Unfortunately, she didn't get the chance. All she had to do was show her scruffy blond head.
The buzzing upped in intensity from 'low hum' to 'demonic weedwhacker'.
"Shit!"
Heather came tearing back through the bush at an impressive speed-- she hadn't been lying when she said she was fast. Good thing, too-- because by the time she'd reached Zack, the Beedrill had already arrived at the edge of the little clearing.
And they were pissed.
Skidding straight past Zack, Heather hollered over her shoulder.
"Throw it! Throw it throw it throw it!"
HOLY SHIIIIIIIIIIT BEES
He could hear the commotion coming long before he was given the command to give the big push... The sound of the insectoid wings was so deafening it made his teeth chatter involuntarily.
When she finally did whiz by after what seemed like an eternity, Heather definitely didn't have to tell him to chunk that thing twice!
And.... Holy. Shit.
Those things were huge.
Eyes widening, Zack gave a feral shout, took aim at the biggest and the closest, and hurled that fucking bucket just as hard as he could -- which was pretty hard. The second the bucket left his hands, he grabbed up that big stick he had been saving for the occasion.

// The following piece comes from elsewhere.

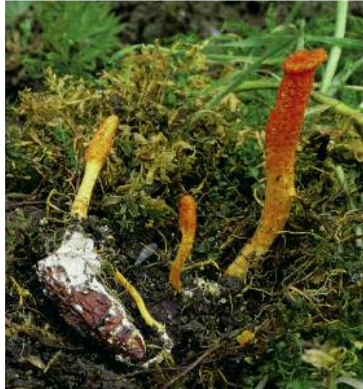
Necrotroph – Fungas burras dearg Cordyceps militaris

Canar necrotrophan ri fungasan a mharbhas feadhainn de cheallaichean an lus no a' bheathaich, no fiù 's fungas eile, air a bheil iad. Mar as trice, cha mharbh seo an lus, no am beathach. Tha iad seo a' gabhail a-steach meirg - agus fungas smut, fungas microscopach, a tha càirdeach dha balgan-buachair, agus a dh'fheumas lus a tha ri fàs, 's bidh am fungas a' toirt ionnsaigh air na fàilleanan òga. Mar sin, 's e parasaithean a th' annta. Tha fungasan eile a' dèanamh uiread de mhilleadh 's gun toir e bàs air an rud, 's an uair sin, beathaichidh am fungas air a' chorp mharbh. Tha feadhainn de bhalgan-buachair mòra sa bhuidheann seo, agus 's e necrotrophan a chanar riutha. Gu fortanach, chan eil mòran fhungasan ann an Alba a tha ag adhbhrachadh tinneas ann an daoine, ach tha feadhainn ann a bheir bàs dha daoine, gu sònraichte ann an daoine a th' air a bhith air an lagachadh ann an dòigh air choireigin.

And then Zack ran. Did he look back? Absolutely not. But he did get a well-positioned, barbed sting right in the middle of his back for his trouble, which induced a roar of rage.
RUN AWAY
She was also just starting to see what a bad idea taking on an entire swarm of three-foot bees with a single bucket of death was.
"RUN! RUN!!"
In the meantime, the bucket sailed towards the oncoming horde-- not knowing what awaited them, several of the Beedrill plunged their arm-needles straight through the plastic as they met it, their collective thought process probably being along the lines of 'hurr hurr destroy things hurr'.
Much to their surprise, the instant result was a bigass cloud of previously-contained corrosive, poisonous gas.
Pokemon were hardy things-- it certainly wasn't enough to kill them. The Pokemon world had different standards of just what was enough to do serious, permanent damage with. But it sure as heck packed a punch.
The buzzing turned from angry to startled, and quite suddenly a large portion of the swarm-- what of it hadn't fallen to the ground, twitching in pain, decided it had other places to be.
That didn't stop the three or four that were already hot on Zack and Heather's trail, though.
They wanted blood.
Guys? Now might be a good time to start looking for a large body of water to jump into.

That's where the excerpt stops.